# Colt 1903 blueing question



## snake hunter (Aug 24, 2009)

I've got a Colt 1903 hammerless that I want to reblue and want to know if any members can tell me a good place to take it ?

  Also I would like to upgrade the sites if possible

I live in conyers but willing to travel about 45 min one way or ship



Thanks for your help


----------



## snake hunter (Aug 26, 2009)

Wow , I guess I'll send it to Colt they will do it for $375


----------



## ty1854 (Aug 26, 2009)

I don't know of any shops around here that offer hot bluing services. But $375.00 is a lot of money for a new finish. Give Google a try you might have some luck there.


----------



## bighonkinjeep (Aug 27, 2009)

How bad is it? Do you have any pics? What type of value do you place on it? sentimental (family heirloom), cheap pocket pistol (improve an inexpensive pickup), carry piece (don't wanna be embarrassed to carry it)?
sorry so many questions but there are different opinions on refinishing for each scenario.
BHJ


----------



## snake hunter (Aug 28, 2009)

One is in great shape but needs blue and the other has some pitts but I think they will fill in ok. The great shape one I want a very good blue job on. The other I will carry sometimes so I will want that one triple chrome and not worried it's resale


----------



## snake hunter (Aug 28, 2009)

Blue Ridge Bluing
Gun Repair Prices

    * Rifle/Shotgun/Pistol: Polished & blued $85
    * Single Barrel Only: Polished & blued $40
    * Matte Finish: add $10
    * Gun Repair: $35/hr plus parts

I ran across this company on a google search. Does anybody know of their work?


----------



## Maxwell44 (Jan 2, 2010)

*Good place and price*

This is who did a good priced job of re-bluing my 1903 32
Please tell them that Tim Maxwell reffered them to you;


http://www.theshootersroost.com/svspricing.cfm


----------



## Knotwild (Jan 2, 2010)

If you want the original blue, search for someone that does carbona bluing. This is what was used on pre-war Colts and it is an exceptionally deep and beautiful blue. 

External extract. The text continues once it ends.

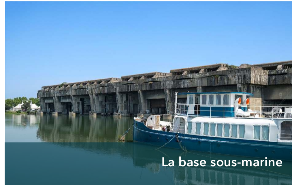
La base sous-marine

I am not recommending these people, but they do carbona bluing. 
http://www.classicgunsinc.com/index.html


----------



## Hammack (Jan 2, 2010)

www.apwcogan.com  They do all my refinishing work, and do the best work I have seen.  They also do ALOT of over run work for Colt and springfield armory.  The last time I was there they just got in 700 pounds of 1911 slides to plate.  Top not work and they are good people.


----------